PlanetScale Boost provides a simple way to cache the data that’s important to your application. With PlanetScale Boost, you can select queries that need to be cached, and the data that query returns will be automatically forwarded to a separate infrastructure component within your PlanetScale database configuration that returns the stored data from memory, instead of querying MySQL directly. To configure your application to take advantage of the cache, all you need to do is set a session variable in your MySQL connection and PlanetScale will automatically route query requests through the cache before hitting the underlying MySQL database.
Monitoring and metrics
Managing the infrastructure is an excellent first step towards a performant MySQL environment, but poorly written queries and missing or misconfigured indexes can still degrade any well-architected setup. Typically, you’d need to install third party tools like SolarWinds Database Performance Monitor (formerly VividCortex) to keep an eye on how well the queries are performing and report any potential issues so you can decide how to optimize queries.
PlanetScale has this functionality built-in for all databases on our platform with the Insights feature, regardless of the tier you are on. Insights provides a way to analyze slow-running queries so you can make intelligent decisions on how to optimize those queries or apply the right indexes. Execution data is retained for the 7 days (or 24 hours on the Hobby plan) and is used to track how many times a query was run, how long it took, and how many rows both read and returned. All of this data is then provided in a concise, filterable, and sortable table with an accompanying chart that lets you select the specific timeframe you want to analyze.
Backup and restore
Backups are critical to the operation of any database in case data gets mistakenly deleted or updated. While many platforms require you to manually configure backups, database backups in PlanetScale are automatically configured for every database. When you create a database, each branch of that database will be backed up at least once per day for the Hobby plan, or once every 12 hours for Scaler and Team plans, and are retained for 2 days. These are simply the defaults though, you are welcome to create any additional backup schedules you desire and are only charged for the cost of the data stored. The data is stored right in our system so you wont need to configure external storage like S3 to retain your backups.

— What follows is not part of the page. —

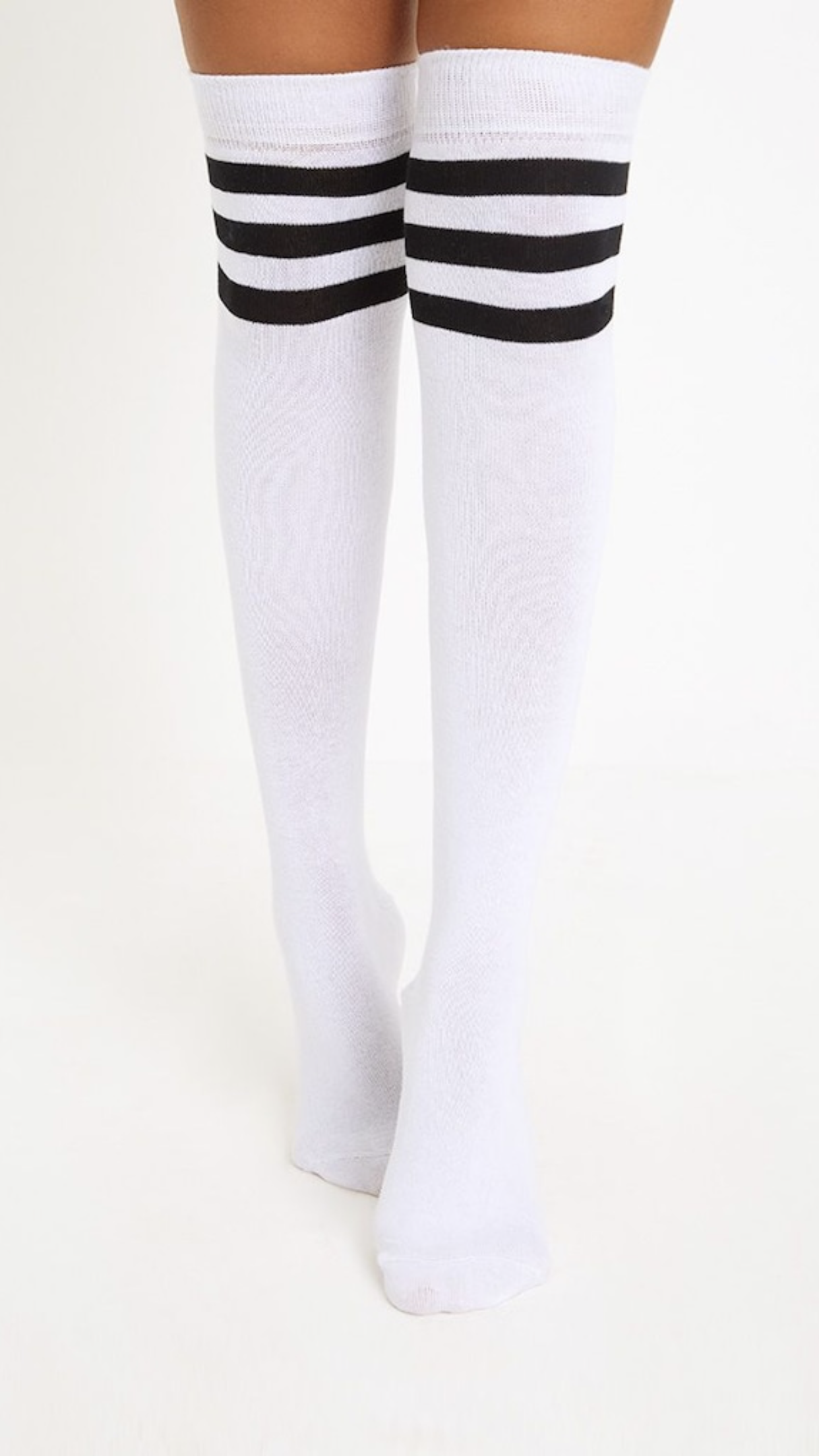 White & Black Striped Over The Knee Socks

When you need to restore, you’ll be presented with a list of the available restore points for that database which can be restored into a dedicated branch, giving you the option to review the data and test your application with it before fully moving to the restored version of your database.
Reiterating what was stated earlier, building a database system (regardless of the engine) that is performant, scalable, and feature-rich goes well beyond installing the software on a computer. You’d need a great deal of other tooling on top of the database itself, which also means additional resources to manage and maintain said tooling. PlanetScale aims to provide the simplest way to spin up a complex MySQL environment, complete with bells and whistles, without you having to worry about the overhead that comes along with it.